ORDER 24(11) OF THE WEALTH-TAX ACT, 1957 READ WITH Section 255(4) OF THE INCOME-TAX ACT, 1961 1. This is a common difference of opinion referred to me by the President under the provisions of Section 24(11) of the WT Act, 1957 read with Section 255(4) of the IT Act, 1961. The point of difference of opinion is as under : Whether, on the facts and in the circumstances of the case, does the gross profit rate taken in the case of the firm, constitute adequate material to come to the conclusion that market value of the closing stock of the firm exceeds the cost price as adopted by the firm by more than 20 per cent and whether merely on that basis, can Rule 2B(2) of the Wealth-tax Rules, 1957 be invoked 2. I have had the occasion to dispose of the similar point of difference of opinion in several other cases today This identical point had come up for consideration before the Special Bench of the Tribunal in the case of WTA No. 9 (Delhi)/1984 and before another Bench of the Tribunal in the case of WTA Nos. 62, 60 and 61/JP/1981. In all these cases with which I agree respectfully, the view taken was that a conclusion that the market value of the closing stock of the firm exceeds the book value by 20 per cent cannot be arrived at merely on the basis that the gross profit shown by the trading account was more than 20 per cent. For those reasons which were elaborately discussed in those orders, which I do not find it necessary to reproduce them here and with which I entirely agree, I hold that the view taken by the learned Judicial Member appears to be the correct and justifiable view.

I, therefore, agree with him and hold that that circumstance of a higher gross profit shown by trading account cannot be held to have proved that the market value of the closing stock exceeded the book value by 20 per cent so that the provisions of Rule 2B(2) could be applied. Before I conclude, I would like to mention a fact brought to my notice during the course of hearing of these appeals by the learned Advocate for the assessee, Mr. N.M. Ranka, that huge stocks amounting to Us. 1,65,000 were purchased either one day before the closure of the accounting year or on the last day of the accounting year which formed a large chunk and which were included in the closing stock at cost and in respect of which the market value could not be anything other than the cost at which they were purchased. An article purchased on the last day of the accounting year will not have a market value higher than the cost unless it was shown by positive evidence that the purchase value of that commodity or article was grossly under-valued or under-invoiced. Otherwise, normally the market value of such an article or commodity would be the same as that of the purchase price.
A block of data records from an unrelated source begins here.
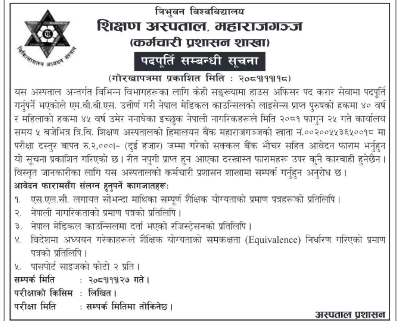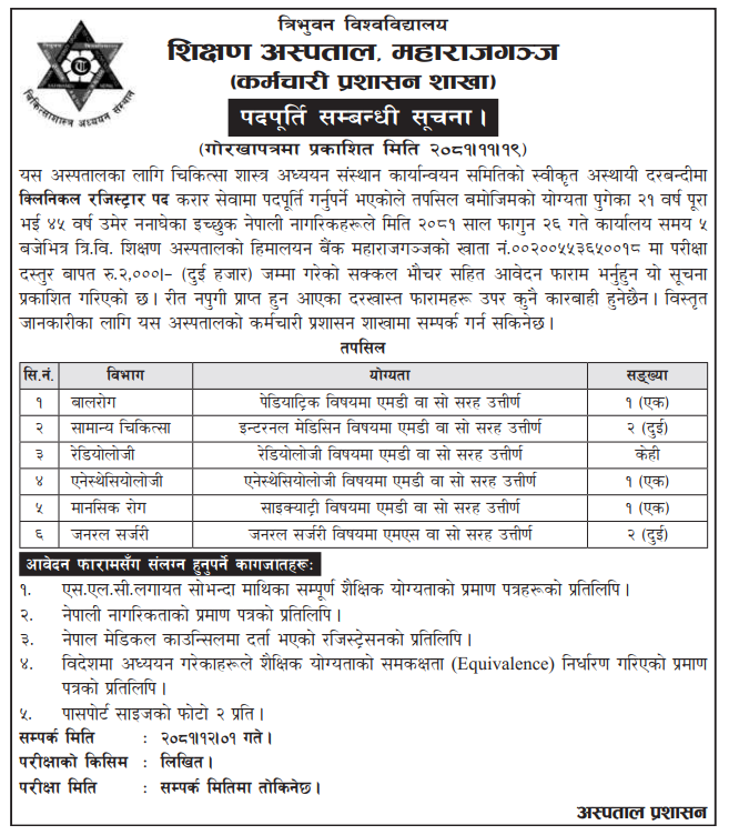 मदन भण्डारी अस्पताल तथा ट्रमा सेन्टरमा कर्मचारी आवश्यकता सम्बन्धी सूचना
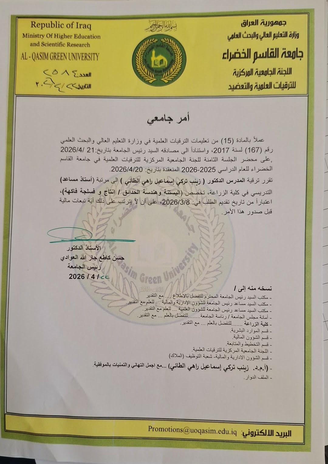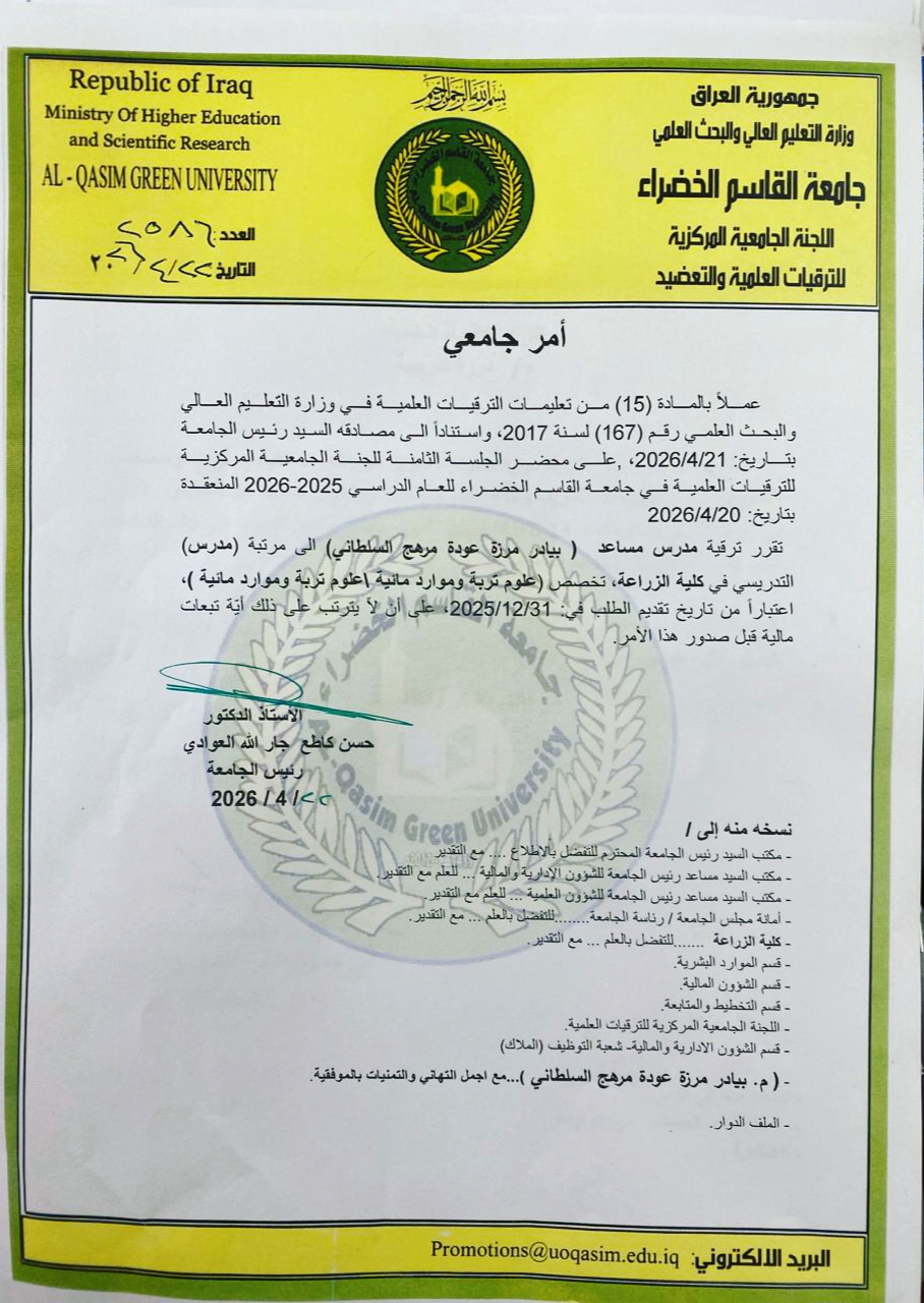 ترقية علمية في كلية الزراعة – جامعة القاسم الخضراء
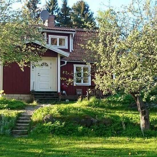 Old-fashioned cottage in the countryside. One bedroom with a double bed and one bedroom with a bunk bed plus a single bed. Living room with two sofas, one of which is a sofa bed. Upstairs common room with a sofa, a daybed for two people and a sleeper armchair.

This is also an additional reason why the rate of gross profit shown by the trading account cannot be taken as the conclusive proof that the market value of the closing stock would exceed the book value by 20 per cent.

This would again prove how fallacious, unsafe the conclusion of the WTO could be if reliance is to be placed all by itself on the rate of gross profit disclosed by the trading account.

3. The matter will now go before the regular Bench so that the appeal can be disposed of in accordance with the opinion of the majority.

1. These appeals are by the revenue. The only main issue for our consideration in these appeals is whether on the facts and in the, circumstances of the case the Commissioner (Appeals) erred in holding that the WTO was not justified in invoking the provisions of Rule 2B(2). There was a difference between the Members of the Bench. The matter was referred to the President 24(11) of the WT Act read with Section 255(4) of the IT Act, 1961. The Hon'ble President as Third Member has agreed with the view taken by the Judicial Member. The majority view expressed is that Rule 2B(2) cannot be invoked on the facts and in the circumstances of the case. Following the majority view, we confirm the view taken by the CWT(A). Since there is no difference of opinion with regard to Section 5(1)(xxxii), the view taken by the CWT(A) is confirmed.